1. BGP Adjacent in RIB

This step is relatively simple. All incoming BGP messages are accepted and stored in BGP Adjacent in RIB.

2. Input Policy

The nput policy will complete two parts of work, filtering and manipulation.

Filtering will filter BGP Messages based on Path Attribute. Here we need to pay attention to two built-in filters. One is to determine whether the current AS is in the AS_PATH of the BGP Message. If it is, then this is a message that has passed through the current AS before, and this message will be filtered. The other will determine whether the NEXT_HOP in the BGP Message is reachable. If it is not reachable, then this message will be marked as Invalid and will also be filtered. In addition to the built-in filters, users (yes, network engineers) and control programs can also add filtering rules, such as through route-map, access-list, distribution-list, etc.

Manipulation modifies the Path Attribute of a BGP Message, which can control subsequent steps, such as Best Path Selection. For example, if a BGP Router receives BGP Messages with the same IP prefix from two neighbors, it can modify the PA of one of the neighbor's BGP Messages to make one of the BGP Messages win in the next step.

3. Best path Selection

Local routes are local routes that are expected to be published through BGP. For example, Cisco devices can publish local routes through the network command, and can also redistribute IGP routes to BGP through redistribution. These local routes will be converted into BGP messages and participate in the Best Path Selection together with the BGP messages that have been filtered and modified by the Input policy.

Best Path Selection is a process of selecting the best path from multiple BGP messages pointing to the same destination IP prefix based on Path Attribute calculations.
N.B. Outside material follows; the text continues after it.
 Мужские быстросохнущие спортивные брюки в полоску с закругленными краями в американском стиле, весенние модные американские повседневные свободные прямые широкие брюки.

This process is not complicated, but it is quite tedious. There are many corresponding introductions. Due to space limitations, I will not expand on it. If you are interested, you can read Cisco's document BGP Best Path Selection Algorithm.

4.BGP Local RIB

Best Path Selection ensures that there is only one (or more, depending on multipath) best BGP message pointing to the same IP prefix, and these BGP messages are stored in the BGP Local RIB. The subsequent processing is divided into two paths.

The first is written into the Global RIB, which is the global routing table. When no other routing protocol in the router generates a route pointing to the same destination IP prefix, or if there is, the Administrative Distance (AD) of the routing protocol is greater than the AD value of BGP, then the route of BGP Local RIB will be written into the Global RIB. The AD value of EBGP is 20, which is smaller than most routing protocols, and the AD value of IBGP is 200, which is larger than most routing protocols.
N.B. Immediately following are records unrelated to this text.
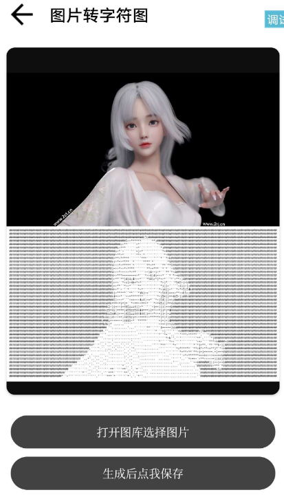 功能虽然简单,但是实用,图片转字符图,一键生成
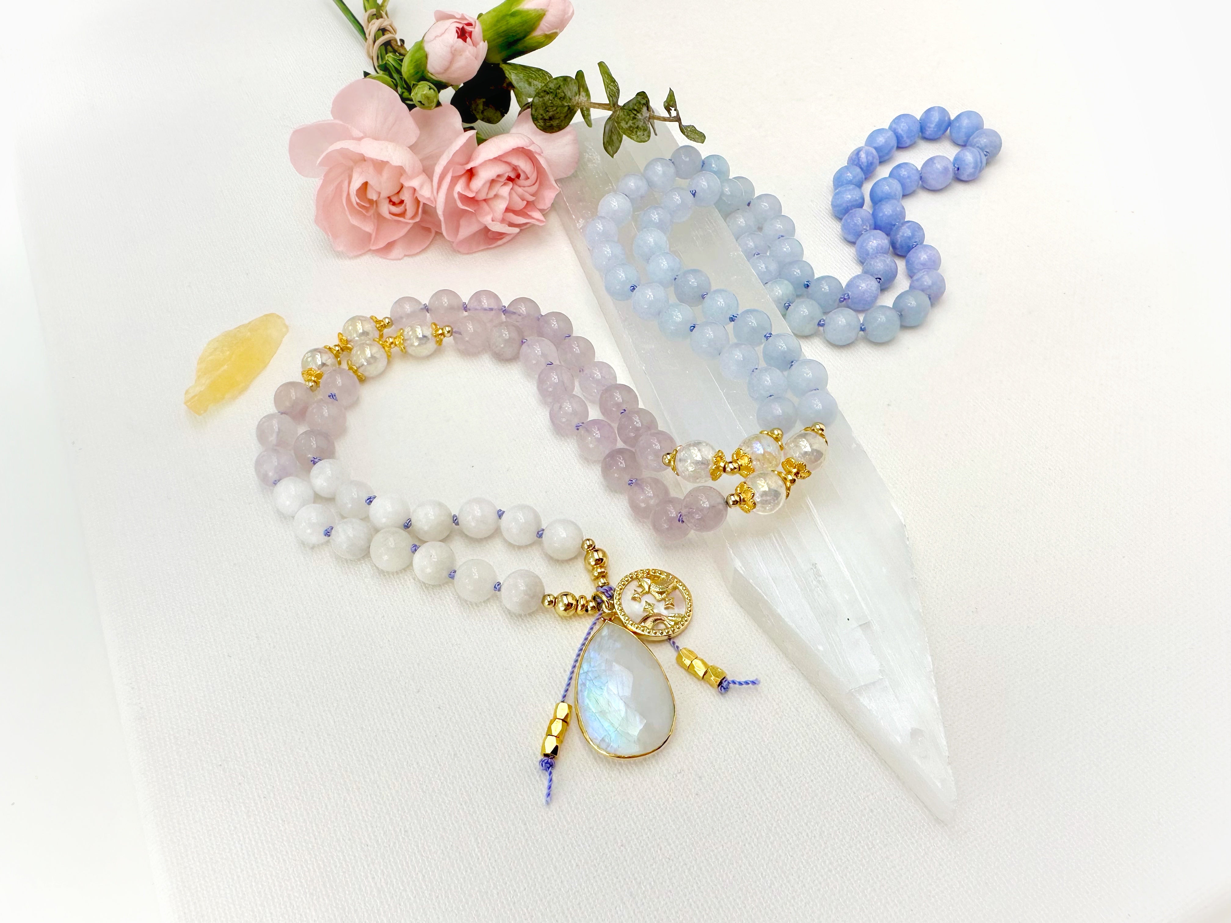 I only use natural gemstones and crystals to handcraft each and every one of my Malas. There might be small differences in colors, shapes and sizes. I carefully choose the stones that go in to each and every piece and I can assure the aesthetics of your piece will be just as beautiful as you see in the picture above. All pieces are made with love in my smoke-free and pet-free studio.
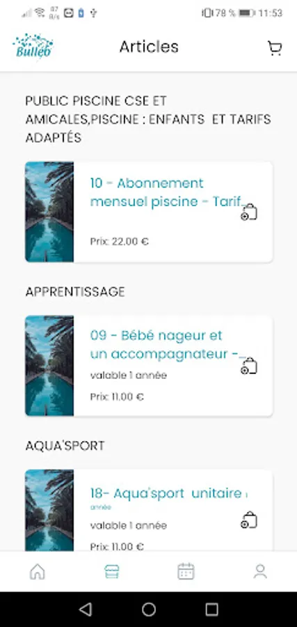 The “Bulléo” application allows you to reserve activity slots, buy tickets (single or packs) and recharge your access card, without having to travel.
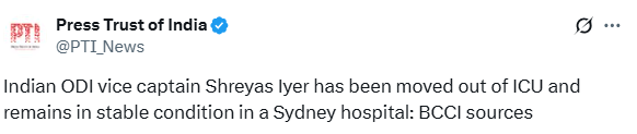 Shreyas Iyer Injury Update: भारतीय टीम के स्टार खिलाड़ी श्रेयस अय्यर ऑस्ट्रेलिया के खिलाफ मैच में कैच लेते समय चोटिल हो गए थे जिसके बाद से उन्हें ICU में भर्ती किया गया था और अब उन्हें लेकर अपडेट सामने आया है.
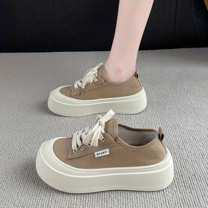 Women'S Casual Canvas Sneakers - Versatile Thick Sole, Round Toe, Lace-Up Design, Brown, All-Season Comfort Shoes, Comfortable Walking Shoes | Round Toe Sneakers | Durable Rubber Sole
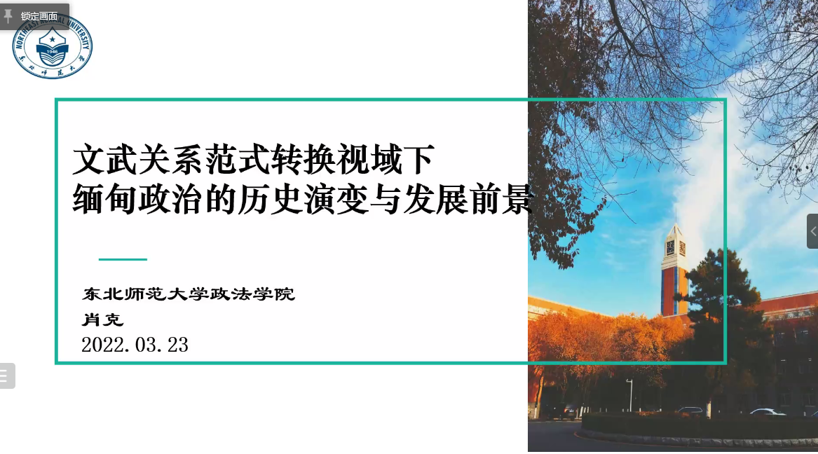 教授、博士生导师肖克老师担任主讲嘉宾,进行题为“文武关系范式转换视域下缅甸政治的历史演变与发展前景”的学术讲演。天津师范大学政治与成人抖音
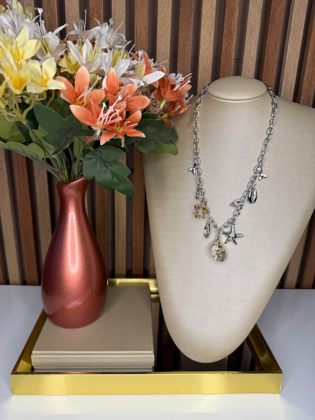 Com corrente de elos alongados, a peça é enriquecida com pingentes marinhos delicados, como conchas, estrela-do-mar e elementos naturais que remetem ao mar, criando um visual moderno e elegante.
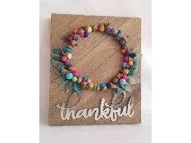 Be Thankful ! Enjoy this seasonal wall hanging with needle felted acorns (with real acorn caps!). Perfect accent for your Thanksgiving with family. Handmade in Canada, it measures 10 X 12 inches and is ready for hanging.
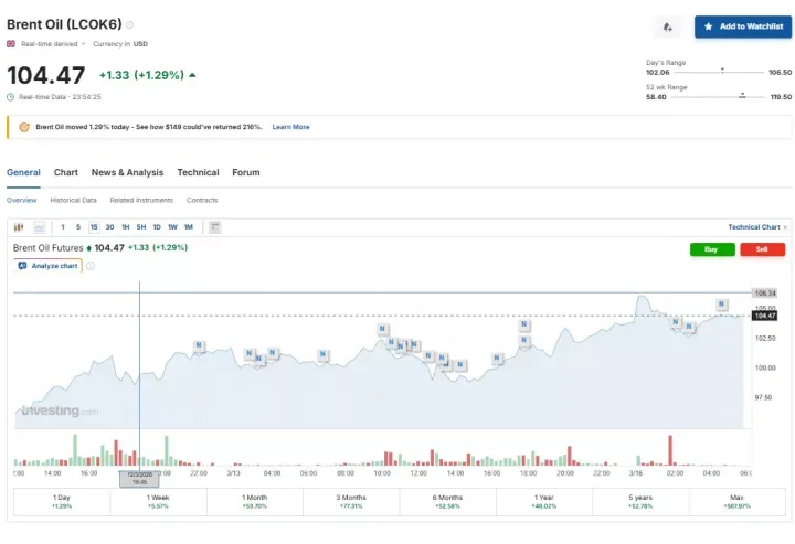 Ειδικότερα, λίγο μετά τις 06:05 ώρα Ελλάδας, τα futures στο πετρέλαιο Brent κατέγραψαν άνοδο 1,29% στα 104,47 δολάρια ανά βαρέλι.

The second is output to the Output Policy and then sent to other BGP Peers.

These two paths do not affect each other. Even if BGP does not compete with other routing protocols and does not write routes to the global routing table, it does not affect the transmission of routes to other BGP peers.

5.Output Policy

Similar to Input Policy, filtering and manipulation are also performed here.

Filtering will filter BGP Messages based on Path Attribute, which can be defined by yourself or by the built-in filtering of the BGP program. Taking AS_PATH as an example, if the AS of the destination BGP Peer is in the AS_PATH of the BGP Message, then this BGP Message will not generate a corresponding BGP Message sent to the BGP Peer.

Manipulation modifies the path attributes of BGP messages, such as the MED value, and then generates a BGP message to be sent to the BGP peer.

After the Output Policy, a BGP Message will generate multiple BGP Messages for each BGP Peer that can be delivered. Although they come from the same BGP Message, the Path Attribute contained in each BGP Message may be different due to the definition policy.

6.BGP Adjacent out RIB

Similar to the first step, this part is also simple. The generated BGP Message is sent to the other BGP Peer.

***

The above is the BGP routing process, which is all centered around Path Attribute. If BGP is based on TCP transmission and brings reliability to the transmission between BGP routers, then Path Attribute brings flexibility to the application of BGP.